**What is required**:
Only the lines below from the one with "Facebook Event: www.facebook.com/share/1CoWZEwdz2/" through the one with "课上,门玉琢带领大家重点聚焦" are to be written out, exactly and without any images.

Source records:
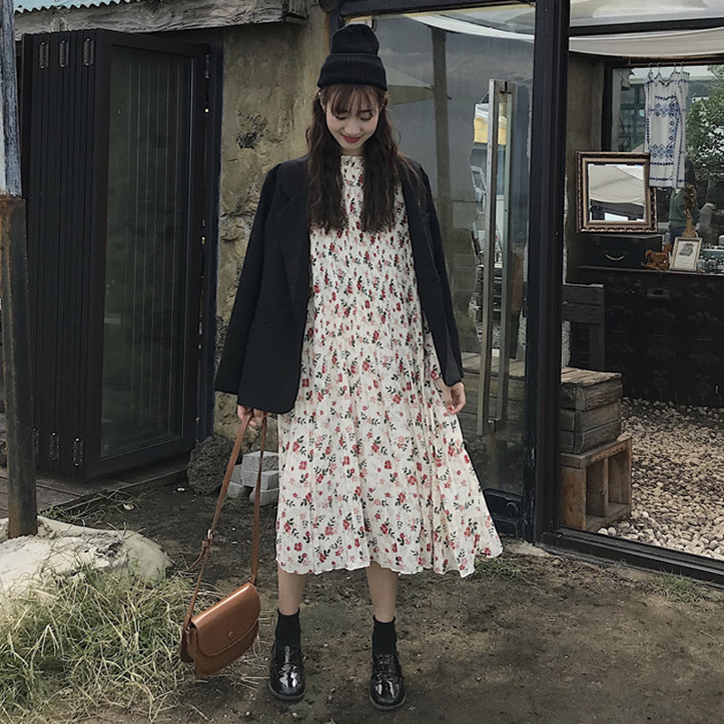 清新的花色撐起整條裙子的場面 不會顯得死板
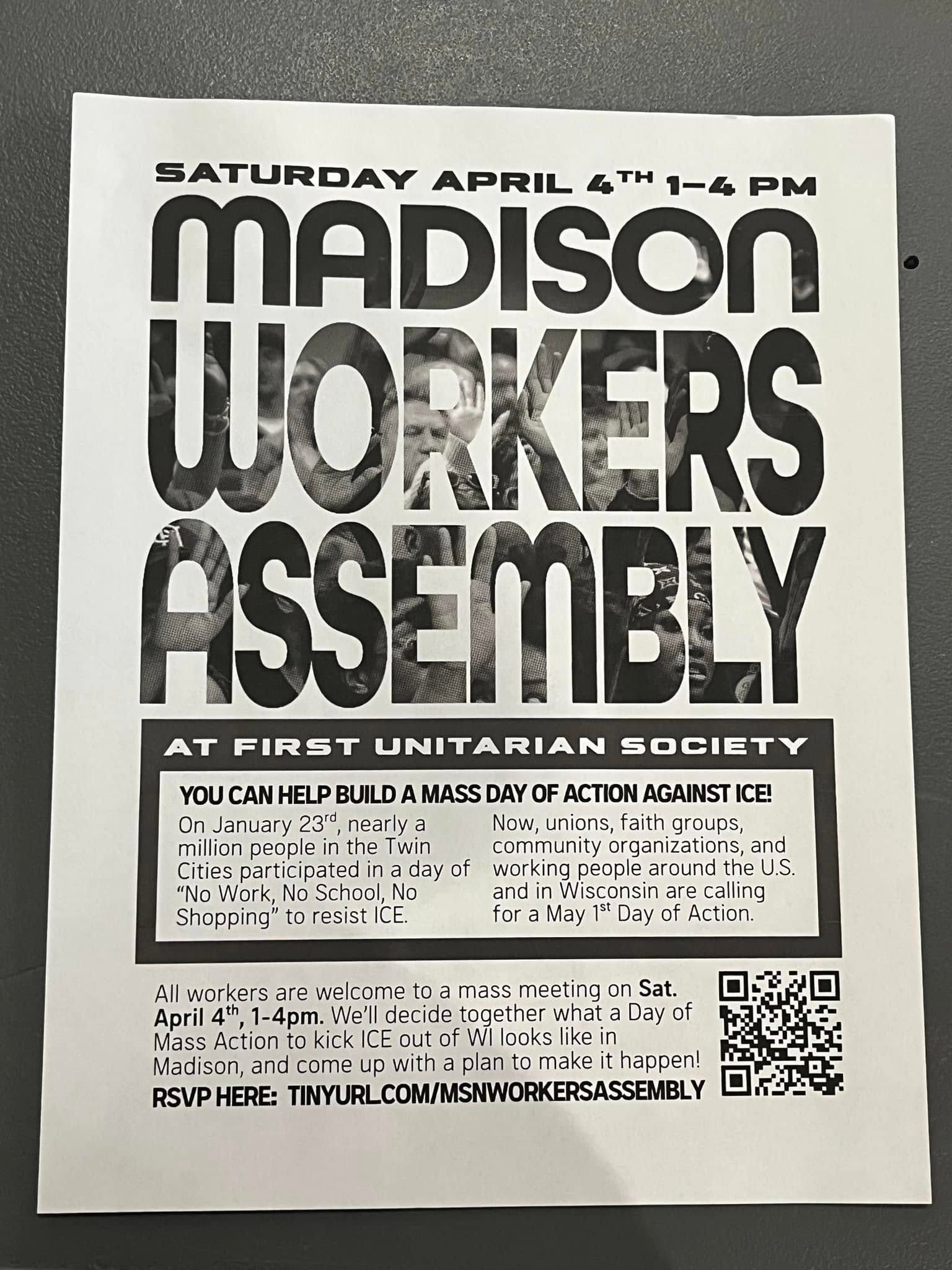 Facebook Event: www.facebook.com/share/1CoWZEwdz2/ A panel discussion with rank and file workers on the ground in Minneapolis MN fighting against ICE occupation, along with WIsconsin labor and community activists mobilizing for MAY 1st!Come hear first-hand accounts from Minneapolis rank and file labor activists on the ground about their fight against ICE occupation and organizing mass strike …
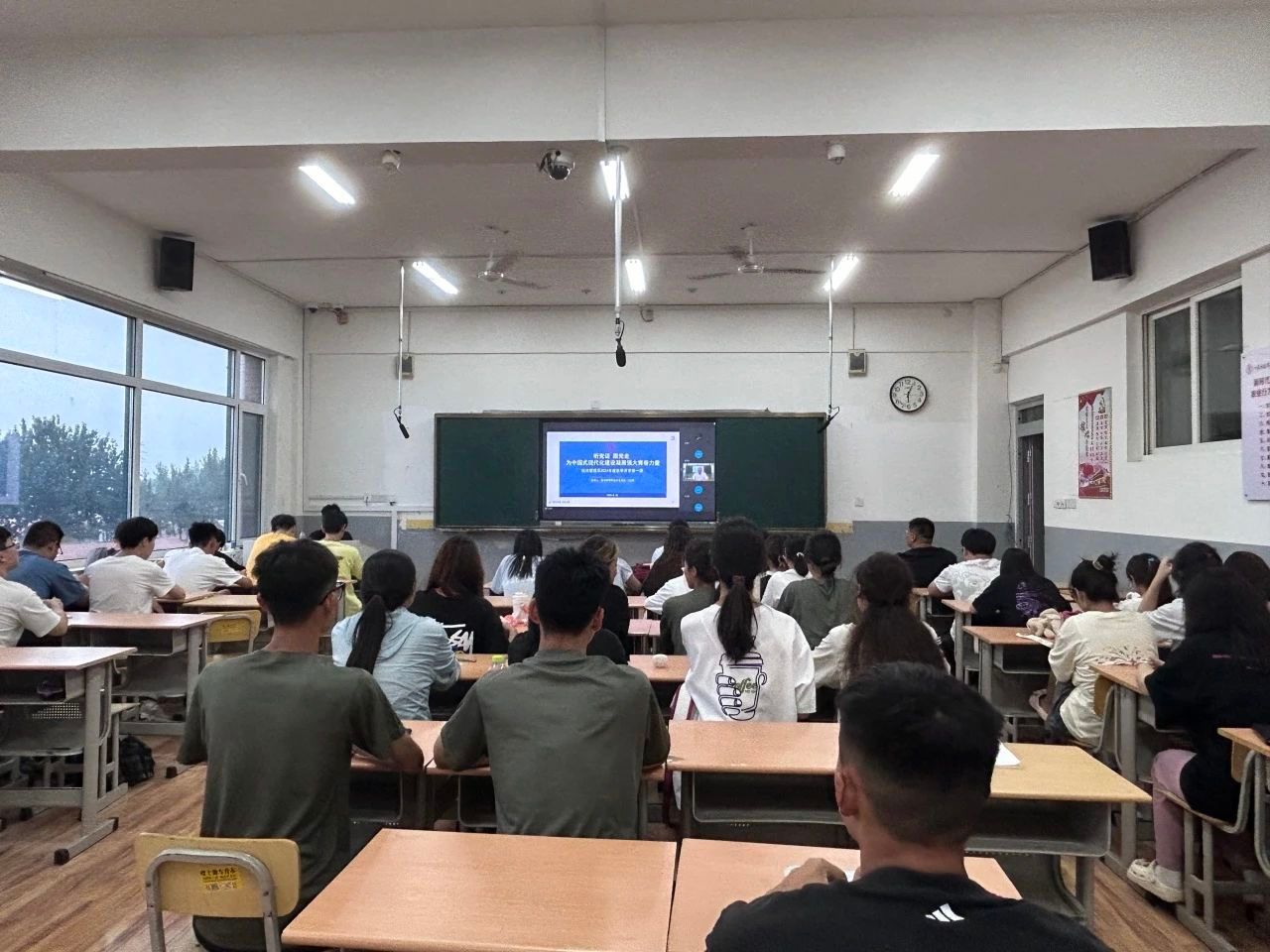 课上,门玉琢带领大家重点聚焦关键词“中国式现代化的重大意义”,引导师生正确理解中国式现代化的领导力量是中国共产党、中国式现代化的价值导向是人民至上、中国式现代化的发展模式是和平发展、中国式现代化的根本原则是独立自主,全面把握中国式现代化的中国特色、本质要求。在全面建设社会主义现代化国家的新时代新征程上,用习近平新时代中国特色社会主义思想凝心铸魂、团结奋斗。阐述了强化廉洁意识、赋能青春未来的重要性。强调了学校对电信网络诈骗、宿舍安全、防溺水安全、交通安全等安全教育常抓不懈的恒心决心。
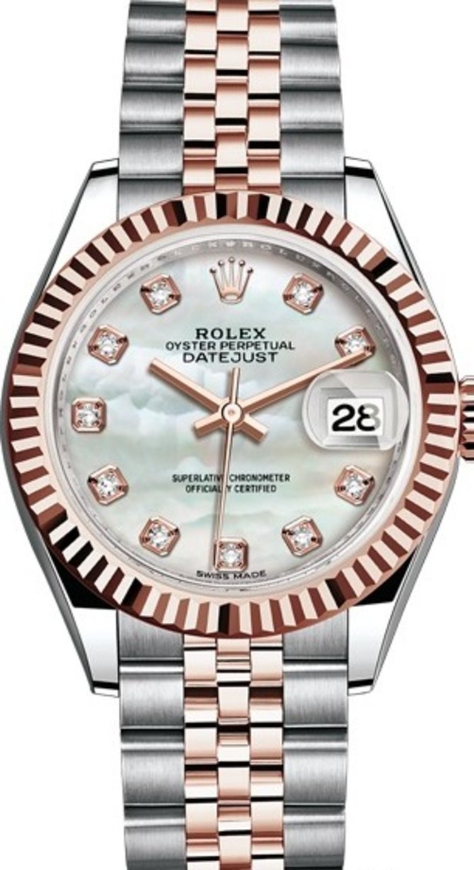 Швейцарские часы Lady-Datejust - это новое поколение классических часов Rolex с обновленным дизайном корпуса и циферблата. Данная модель часов оснащена новым калибром Rolex 2236. Этот механизм с функцией автоматического подзавода отмечен сертификатом Швейцарского хронометра, который выдан Официальным швейцарским институтом хронометрии (COSC). Механизм обеспечивает запас хода 55 часов. Визитная карточка часов Rolex - это соединение двух металлов в одной модели. Корпус изготовлен из нержавеющей стали и 18-каратного розового золота. Он обеспечивает абсолютную водонепроницаемость до 100 м. На отметке 3 часов присутствует индикатор даты, покрытый циклопной линзой, что обеспечивает наилучшую читаемость показаний. Такая особенность делает часы Rolex одними из самых известных и узнаваемых в мире. Циферблат белый перламутровый. Rolex не использует искусственное окрашивание перламутра. Поэтому каждый перламутровый циферблат уникален. Часовые отметки из белых бриллантов, секундная, минутная и часовая стрелки, выполненные из розового золота, подчеркивают элегантность и женственность этой модели. Часы комплектуются удобным гибким пятирядным браслетом из нержавеющей стали и 18-каратного розового золота со скрытой застежкой и раскладывающейся пряжкой.
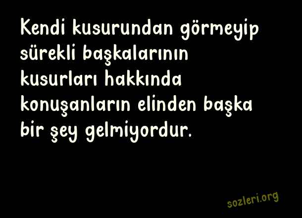 Kendi kusurundan görmeyip sürekli başkalarının kusurları hakkında konuşanların elinden başka bir şey gelmiyordur. ( Kendini Vazgeçilmez Sananlara Sözler )
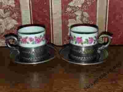 Filizanki do mokki w cynowych koszyczkach 2 szt
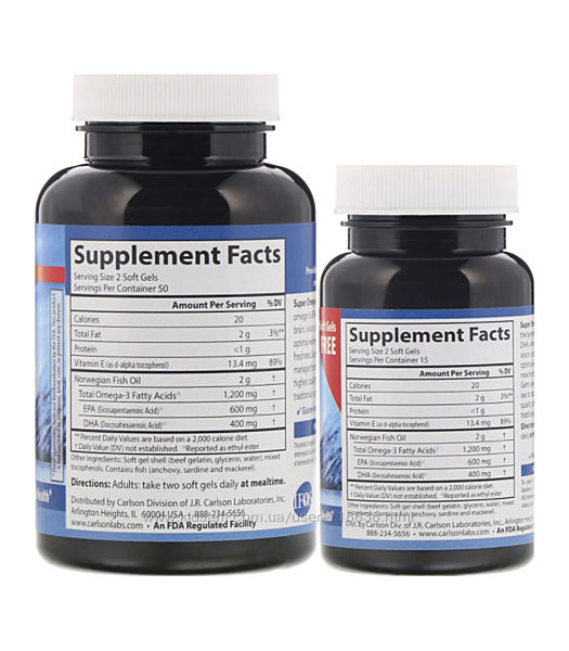 Подробное описание: Carlson, Super Omega-3, Супер Омега-3, 1200 мг, 100 та 30 капсул
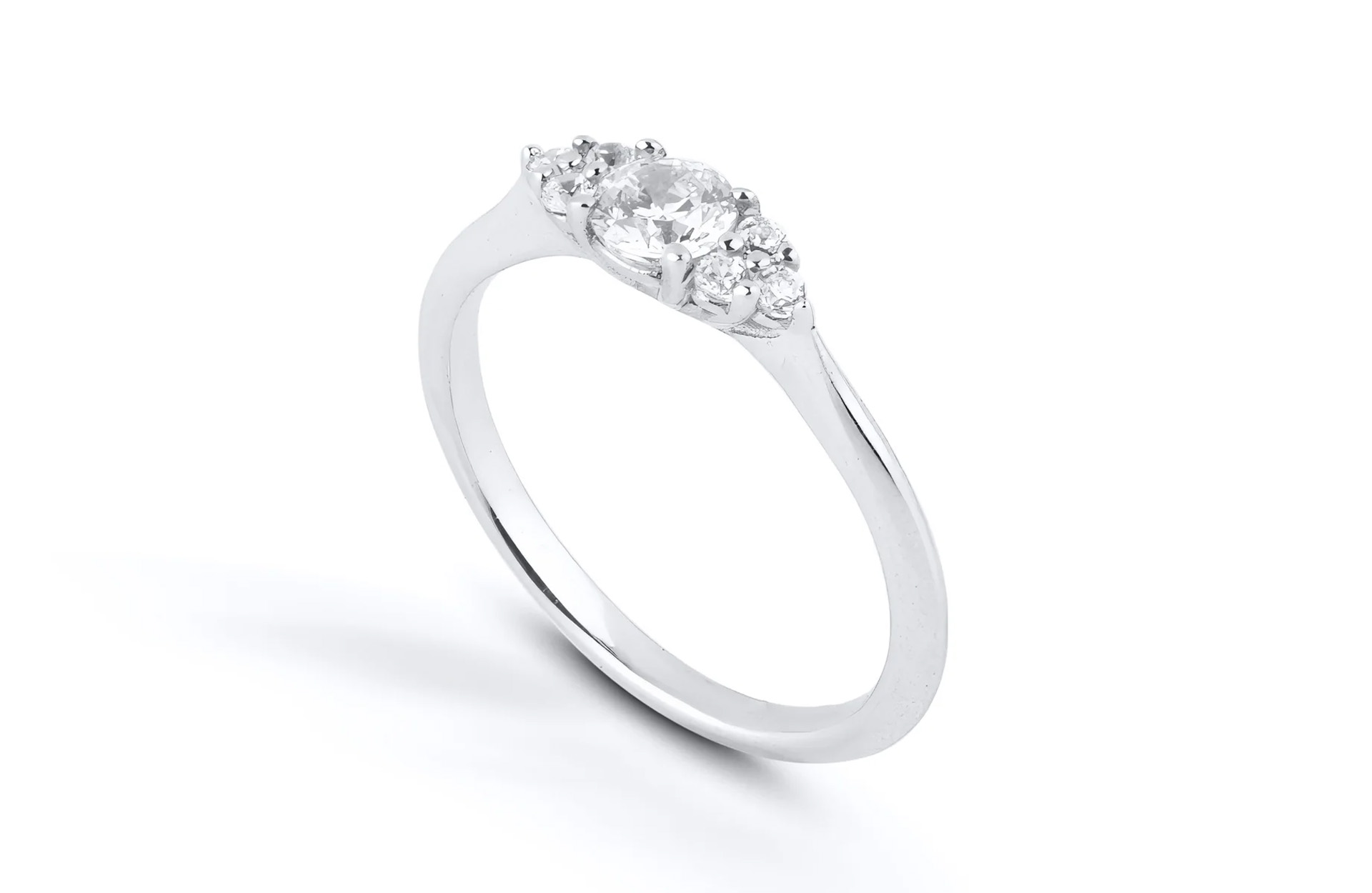 Diamanterna är briljantslipade och infattade i en luftig trådfattning som maximerar ljusinsläppet och framhäver stenarnas naturliga lyster. Den lätt upphöjda skenan smalnar av mot klustret och skapar en elegant silhuett.

**Response to this task**:
 Facebook Event: www.facebook.com/share/1CoWZEwdz2/ A panel discussion with rank and file workers on the ground in Minneapolis MN fighting against ICE occupation, along with WIsconsin labor and community activists mobilizing for MAY 1st!Come hear first-hand accounts from Minneapolis rank and file labor activists on the ground about their fight against ICE occupation and organizing mass strike …
 课上,门玉琢带领大家重点聚焦关键词“中国式现代化的重大意义”,引导师生正确理解中国式现代化的领导力量是中国共产党、中国式现代化的价值导向是人民至上、中国式现代化的发展模式是和平发展、中国式现代化的根本原则是独立自主,全面把握中国式现代化的中国特色、本质要求。在全面建设社会主义现代化国家的新时代新征程上,用习近平新时代中国特色社会主义思想凝心铸魂、团结奋斗。阐述了强化廉洁意识、赋能青春未来的重要性。强调了学校对电信网络诈骗、宿舍安全、防溺水安全、交通安全等安全教育常抓不懈的恒心决心。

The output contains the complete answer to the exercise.